The authors generated a transgenic mouse model with cardiomyocyte-specific inactivation of GRK3. Diabetic mice deleted for cardiac GRK3 show decreased cardiac remodeling with improved cardiac function. Having previously established that cannabinoid receptor 2 (CB2R) exerts protective effects against diabetic heart injury in both humans and mice,5 the authors hypothesized that this GPCR could be a downstream target of GRK3. Consistent with this, cardiac-selective CB2R knockout abolished the cardioprotective effects of GRK3 inhibition in diabetic mouse hearts. Importantly, molecular analyses revealed that GRK3 reduces CB2R expression by promoting β-arrestin 2-dependent CB2R internalization under high-glucose conditions. GRK3 specifically phosphorylated CB2R at serine 335 (S335), thereby facilitating its internalization and ubiquitin-dependent degradation in cardiomyocytes during hyperglycemia.
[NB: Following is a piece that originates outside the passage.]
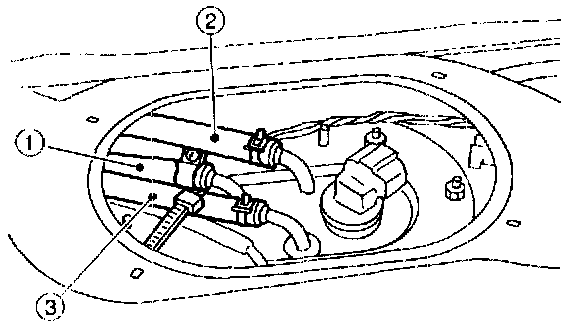 3) Disconnect fuel delivery hose (1) return hose (2) and jet pump hose (3).
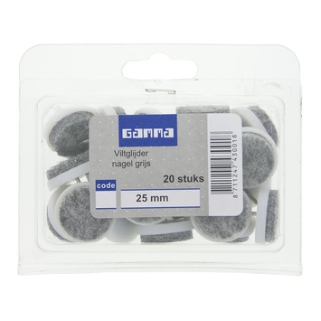 Ter bescherming van je vloer gebruik je een viltglijder. De viltglijder van GAMMA is een slimme zet om te voorkomen dat er krassen op je vloer ontstaan. Het vilt zorgt dat de meubel soepel blijft schuiven en voorkomt dus ook beschadigingen. Het is geschikt voor vlakke vloeren zoals parket of laminaat. De glijder bevat een nagel aan de onderkant waardoor deze makkelijk te monteren is. Daar bovenop zit een ronde witte kunststof dop met vilt. Die heeft een diameter van 25 mm. Het wordt verkocht in sets van 20.

Finally, having the proof-of-concept that GRK3 inhibition protects the heart from diabetic injury, the authors performed a high-throughput virtual screening to isolate efficient inhibitors of GRK3. They characterize isochlorogenic acid A (ICQA), a compound initially isolated in a variety of teas and vegetables, as an GRK3 inhibitor that prevents cardiac remodelling associated with diabetes. This finding is intriguing from a translational perspective. However, it will be important to assess the potential cardioprotective effects of ICQA in additional mouse models of diabetic cardiomyopathy, particularly those that recapitulate features of human HF with preserved ejection fraction.6

In conclusion, this study puts GRK3 on the map as a driver of diabetic injury to the heart. The molecular mechanism identified is related to GRK3-dependent phosphorylation of CB2R at S335, promoting its internalization and degradation. YY1 binds to the GRK3 promoter, repressing its transcription during euglycemia, while hyperglycemia decreased YY1 and thereby upregulates GRK3 levels. GRK3-targeting compounds may therefore open up to novel therapeutic strategies for diabetic heart injury.